From the Packard Center for ALS Research:
An international research team has pinpointed the gene for ALS4, now
the fourth gene to be discovered for a familial variety of ALS. The
rare form of the disease appears earlier than the more common sporadic
form of ALS, affecting boys in their teens and women in their thirties.
Also, because it doesn't injure breathing or swallowing muscles,
patients with the ALS4 gene typically live a normal life span, though
they may be wheelchair-bound as the disease progresses.
Two Johns Hopkins neurologists who are members of The Packard Center
for ALS Research, David R. Cornblath, M.D., and John W. Griffin, M.D.,
were part of the research team, which included scientists from the
University of Washington, the NIH, Australia and Belgium.
An article on the study will appear in the June issue of "The American
Journal of Human Genetics."
"With this information, The Packard Center can develop mouse models
that will help us better understand the specific biology of this disease
and of ALS in general," Cornblath explains. "In fact, Center researchers
at Johns Hopkins have now begun the work that should lead to those
models," says Jeffrey Rothstein, M.D., Ph.D., who directs the Packard
Center. "Before long, we hope to understand the nature of the ALS4
protein. That will put us closer to finding common principles that
underlie all forms of the disease."
The gene in question, on human chromosome 9, was found after
researchers doggedly narrowed down the specific area associated with
disease. The gene is a dominant one, meaning patients see its effects
even if only one parent contributes the gene. And it's carried on a
non-sex chromosome, commonly called an autosome. Thus the ALS4 disorder
is referred to as "autosomal dominant juvenile ALS."
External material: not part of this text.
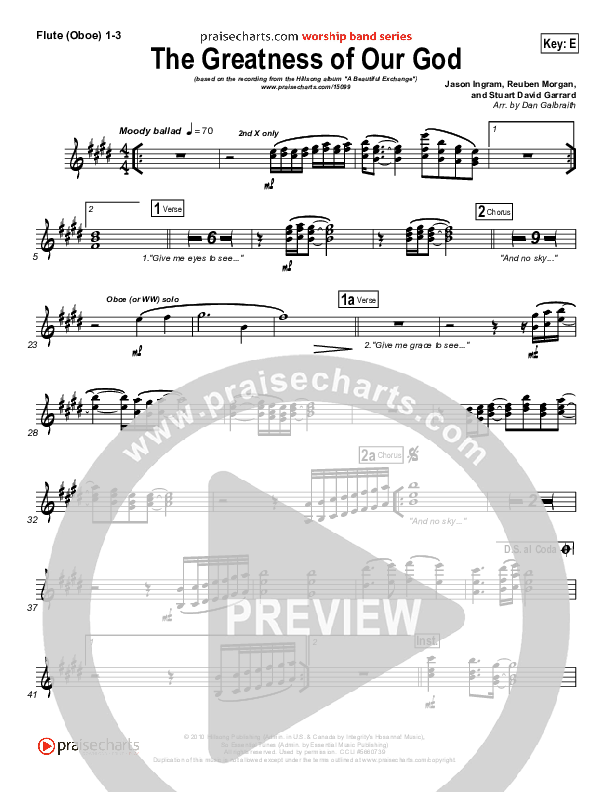Download the Orchestration wind parts for The Greatness Of Our God by Hillsong Worship, from the album A Beautiful Exchange. This song was arranged by Daniel Galbraith in the key of E, F.

With the aid of families who have the disease-"and in this matter, the
families were exceptionally helpful," says Cornblath-the scientists
collected patients' blood samples and analyzed the DNA.
The researchers found that the mutant ALS4 gene produces an abnormal
version of DNA/RNA helicase, an enzyme involved in repairing damage to
those two major molecules and in allowing them to reproduce and carry
out their role of directing a cell's protein production. At least one
other motor neuron disease, spinal muscular atrophy, may also be linked
to abnormal helicases.
The discovery brings to five the number of familial or inherited
varieties of ALS. ALS1 is also the result of an autosomal dominant gene,
but one that brings about an aggressive disease in adults. The gene
codes for an abnormal form of an enzyme called superoxide dismutase.
ALS2 is caused by a recessive gene on chromosome 33 and has its typical
onset at age twelve. ALS3 is linked to chromosome 18 and strikes in
adulthood. ALS5 is due to a recessive gene on chromosome 15.